Moscow nightlife caters for almost anything…from the sedate, the cultural or a good night of boozing and dancing.

There are over 300 places scattered throughout the city and the sex and drug industries are big business.  Strippers are the norm in most establishments, including up-market hotels and restaurants and the celebrity owned Planet Hollywood. Prostitution here, like most cities, is a thriving business.

Beware girls, you may have more problems than necessary if you venture out for a night on the town without a male.  Doormen gave me a hard time.  Twice in one evening they attempted to make a quick buck by trying to charge me extra on entry.  Shouting “English, English!” usually works!

Another shock lay in store for me when I visited the ladies.  Wooden slatted saloon doors were in place of normal respectable cubicle doors and to make matters worse, the toilet rolls were located on the outside of the cubicle.  What’s all that about then? So, prepare to in advance and lose your shy streak!
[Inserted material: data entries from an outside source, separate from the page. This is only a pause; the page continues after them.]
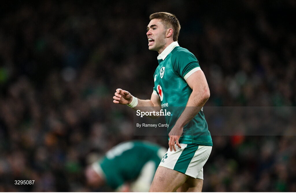 15 November 2025; Jack Crowley of Ireland during the Quilter Nations Series 2025 match between Ireland and Australia at the Aviva Stadium in Dublin. Photo by Ramsey Cardy/Sportsfile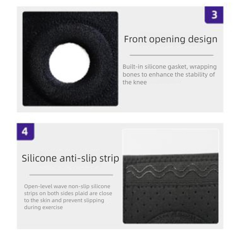 - Open Patella Design with Padding: Features an open front design with a built-in EVA/silicone gel pad ring that surrounds the kneecap (patella), relieving pressure and improving stability and tracking.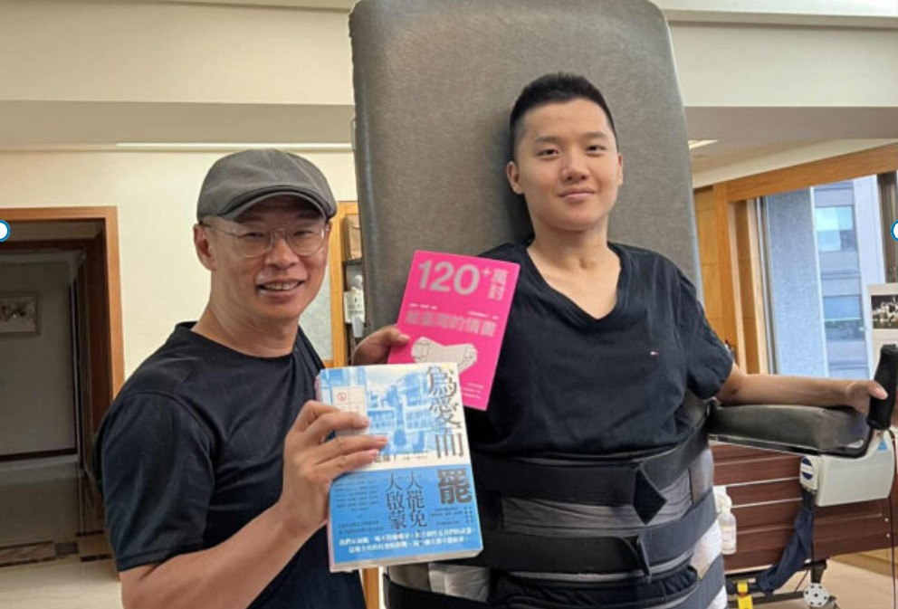 我邀請面面,趁轉換復健項目的空檔,一起拍了這張照片,併同分享他和家人五年來復健的努力,送給此刻所有正在為台灣努力行動、奮力拼搏的志工和公民。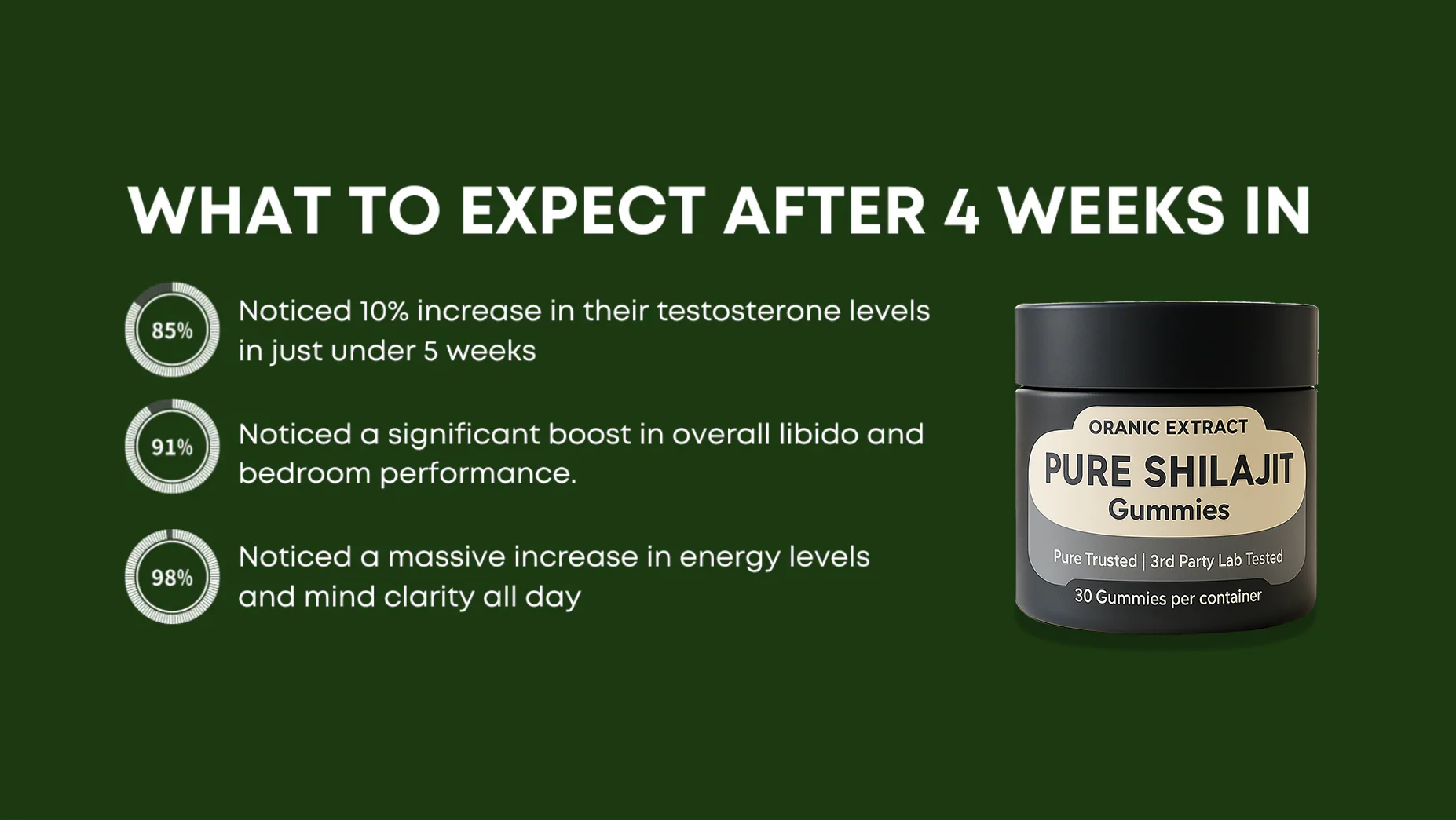 After 30 days, those taking purified Shilajit exhibited significantly increased testosterone levels compared to the placebo group.

Vodka, of course, is available in abundance, but purchase it in reputable stores.  Word is that many bottles are filled with methylated spirits and other toxic fluids.

The Russians prefer to savor their sacred tipple neat and like you to do the same out of respect for their culture.  I received frowns and hostile glares when I asked for it with orange juice.  Try the Russian champagne if you get the chance, it really is a treat to the taste buds.  The Siberian beer is also worth sampling.

The hassle of organizing a letter of invitation and visa was well worth the effort and I was rewarded big time by visiting this beautiful, cosmopolitan yet quirky city.  It’s been hidden from western eyes for so long now and the people of Moscow sure are reveling in their newly founded freedom.